Агнар был прав, и Ансгару ничего не оставалось делать, только как молча кивнуть. Он нагнулся и поднял старый меч брата. Зря Агнар так презрительно отозвался о нем. Конечно, этот меч был короче, его широкое лезвие имело заточку только с одной стороны, да и то только у острия. Таким мечом можно было не столько рубить, сколько крушить противника, мочаля ему мышцы и дробя кости. И конечно, никаких украшений – ни тебе серебра, ни драгоценных камней. Зато просто и надежно, а при должном умении еще и смертельно опасно для врагов.

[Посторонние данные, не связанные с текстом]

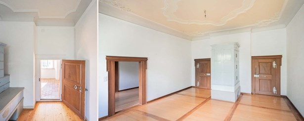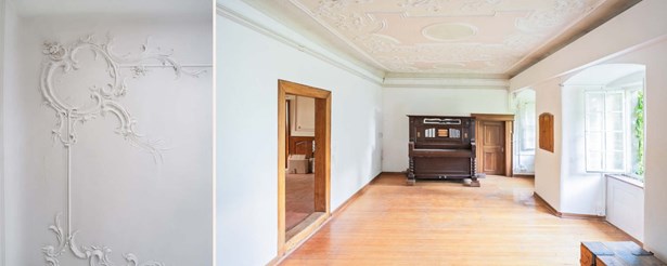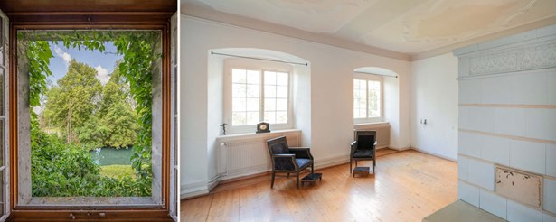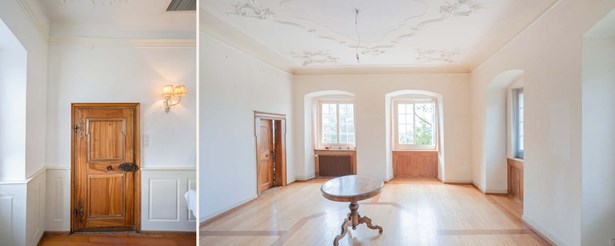 Nestled between the Thur Valley and Lake Constance, this magnificent Baroque castle from 1723 features a moat, a charming chapel, and beautifully restored interiors with original stucco ceilings, elegant parquet floors, and a grand Rococo ballroom with stage. The estate’s wings surround a peaceful courtyard with a fountain, creating a perfect blend of history and elegance. With over 20 spacious rooms and nearly 3,000 m² of living and usable space—including a barn and coach house—the castle offers versatile potential as a private residence, boutique hotel, gourmet restaurant, seminar center, or multi-family home. Set on extensive grounds with gardens and forests, it boasts stunning panoramic views of the Alps and the Thur Valley. Located just minutes from Kreuzlingen, Konstanz, and within 45 minutes of Zurich, the property combines serene countryside living with excellent accessibility. This unique, protected historic estate is a rare chance to own a prestigious landmark with timeless charm and modern functionality.

Вернувшись к телу отца, над которым что-то тихо причитала мать, уже успевшая остричь мертвому ногти3, братья торжественно вложили ему в руки меч франков, рядом в одну из оставшихся целыми после пожарища глиняных мисок положили сердце убитого накануне лося, а в другую налили воды – чтобы отцу было что есть и пить по пути в Вальхаллу. Подумав, Агнар решил дать отцу в дорогу копье и лук со стрелами, с которыми они ходили на охоту, и свой топор. Увидев это, Ансгар достал из-за сапога нож – старый, с потемневшей от времени рукоятью, его своими руками сделал их дед – и положил отцу в ноги. К сожалению, больше они ничем ему помочь не могли, ибо остальное их имущество либо расхитили нападавшие, либо сгорело при пожаре, а что-то надо было еще оставить и себе.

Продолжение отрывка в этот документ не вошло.